The lair had been occupied but the cat had drawn out the toothsome beast with its naked curved claws on twelve independent limbs. The eyes were on stalks above its thick round body, which could swivel in any direction. Porter was pleased with his aim with his bow as the creature lashed out at anything that moved as it screamed piercingly in pain. Alin and Porter put four arrows into the creature before its final jerking motions ceased. They lost more arrows in the wind.

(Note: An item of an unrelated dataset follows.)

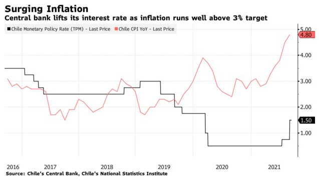 预测显示,由于从疫情初期的复苏开始,智利国内生产总值今年将激增超过11%,这是主要经济体中增速最快的,详情请参阅这篇报道。

The cave was dry, but the white dry bones put everyone on edge. Porter could not identify any of the prey from the scattered heaps of bones either. Staring at the piles, he shuddered. Kanji sniffed about for a few minutes and lay down to bathe herself and rest. The three fugitives took their cues from her, settling down with their hamox in the safety of the cave.

While they had engaged in small talk as they traveled, all three had avoided the difficult and loaded subjects from which they were escaping. The events of Sky House were never far from Porter’s mind, but he was also careful of Gilly’s loyalty to the fortress and Alin’s long residence behind its walls. Sky House had been their home and refuge for years. He was the interloper.

Porter worried how they would judge his actions and whether they would blame him for the attacks that led to their fleeing. Then he kicked himself all over again for being afraid of their opinions. He uncovered facts and he should let them judge the evidence, not him. In his head he knew this truth but in every other capacity, he was leery.